An active shooter incident, where someone with a gun is actively attempting to kill or harm people in a confined area, merits the swift action of law enforcement. Such an event is typically over in less than 15 minutes, which means immediate and effective measures must be taken to prevent deaths. 

Instances of active shooters have increased
According to a recent FBI study, the number of active shooter incidents in the U.S. increased steadily since 2000. After 2008, the annual average jumped from five instances to almost 16 per year. Nearly 40 percent of these events took place at businesses, and another 29 percent occurred at schools. 

As the rate of incidents rises, so too does the number of injured bystanders. According to NBC News, people shot and killed in these events grew 150 percent over the past four years. Even with an average response time of three minutes, the police could not react fast enough to ensure the safety of all involved. 

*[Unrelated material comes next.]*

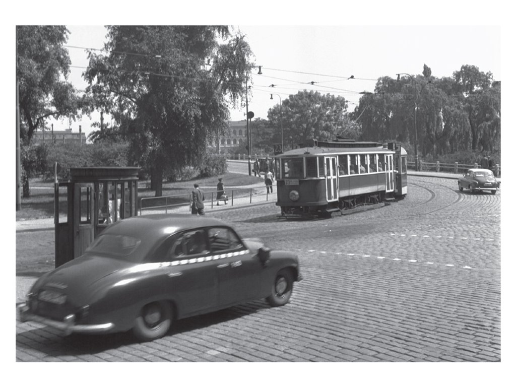 Pohlednice s motivem z křižovatky Na Klárově a jejím čilým dopravním ruchem.

New training helps capture active shooters
The FBI maintains that the most effective way to control and prevent these events from happening is to have law enforcement and private agencies work together. For many police departments, that means changing tactics. Prior to Columbine in 1999, law enforcement focused on containing a shooter and waiting for a more specialized SWAT team to arrive. Today, officers adopt an aggressive strategy that involves engaging the shooter before attending to victims. 

For this technique to be effective, U.S. Attorney General Eric Holder claims that law enforcement training needs to be constantly reinforced and updated. As a result, the Justice Department has trained more than 60,000 individuals in crisis response, including front-line officers, local agency heads and on-scene commanders. Thousands more took the DHS active shooter course or participated in one of the department's training workshops. 

Proper training is important for the successful completion of any mission, and an important part of this training is practicing quick reactions. Don Montague, the executive director of the Advanced Law Enforcement Rapid Response Training Program, emphasizes the idea that there is no time to think in these fast-paced situations. Having responders who know the training and don't waste time can be the difference between life and death. As these events occur more frequently, first responders need to be trained to react instinctively and without hesitation.